Just one last time, so we can end this the right way.
* * *
Sheila’s home was so quiet, you could hear a pin drop. Lincoln prayed she was home. Normally, she’d sit in silence and read. Lincoln hoped this was the case now. He wanted to see her, needed to see her, so he made his way straight to her bedroom. He was disappointed to see her room was empty. He checked the entire house and found no one.
Fuck. He paced the floor, stopped, and slammed both hands on top of his head. Shit. I guess this is the end.
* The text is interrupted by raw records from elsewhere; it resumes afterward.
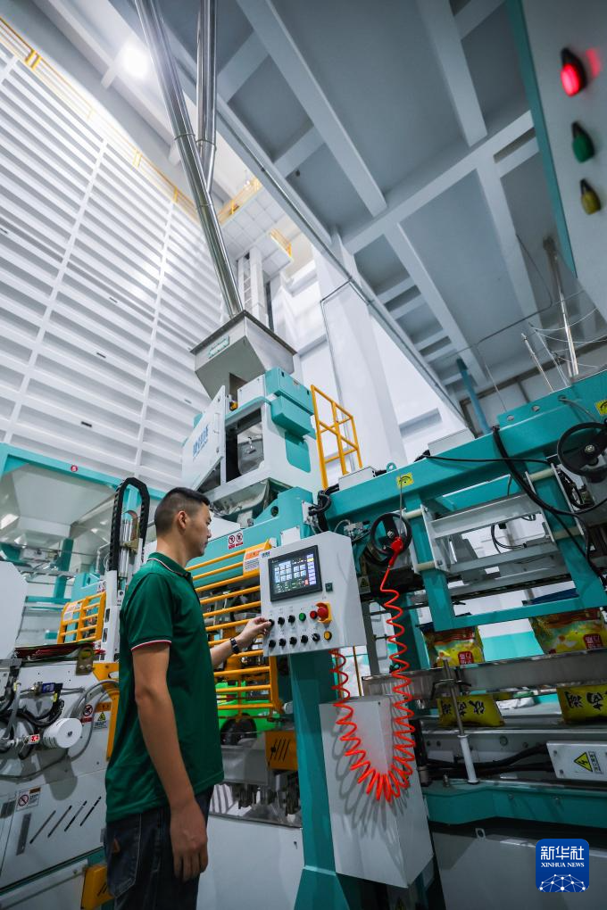 10月15日,在位于嘉兴市南湖区余新镇曹王村的浙江绿康米业有限公司的现代化加工车间,青创客应超查看自动化包装流水线运行情况。该车间自动化流水线日加工大米200吨。
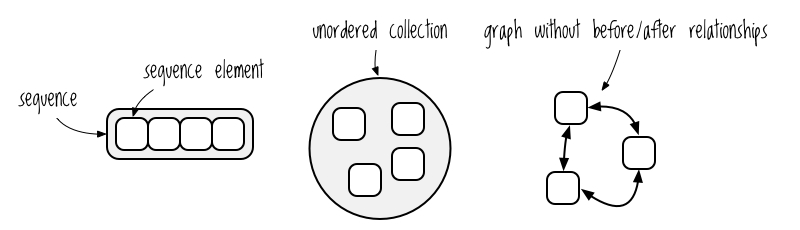 术语 序列 在这里指的是以线性顺序组织的元素集合,而不是无序集合或节点之间没有前后关系的图。图 4-2 显示了你如何将一个序列可视化,与上述其他两个集合形成对比。
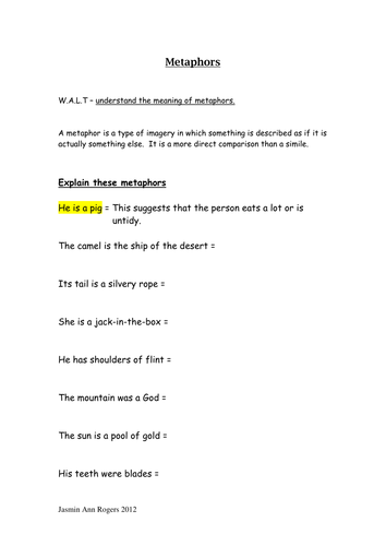 Metaphors Worksheet Teaching Resources English Alphabet Worksheet For Nursery Pdf

Although he knew the end result, he searched the house once more. Then, in hopes that she’d return, he lingered in her home, all to no avail.
Fuck it.
Lincoln walked back into Sheila’s bedroom and dropped the duffel bag that was on his shoulder onto the bed. He began emptying the drawers Sheila had given him. In twenty minutes’ time, he had packed everything in the duffel and was ready to go. After walking over to the vanity table, Lincoln stared at the picture of him and Sheila that hung from the mirror. They were at a barbecue and looked happier than ever. He kissed two of his fingers, then placed them on Sheila. Then he headed over to her dresser, removed her keys from his pocket ,and placed them on the dresser top.
One foot outside the bedroom, the duffel back on his shoulder, Lincoln remembered the most important thing he had come to get. He dropped the duffel bag on the floor, walked over to the closet, stepped in, and went straight to the left side, which was filled with Curtis’s clothes. This was the reason Lincoln had only drawers. Sheila touched none of Curtis’s belongings while he was away.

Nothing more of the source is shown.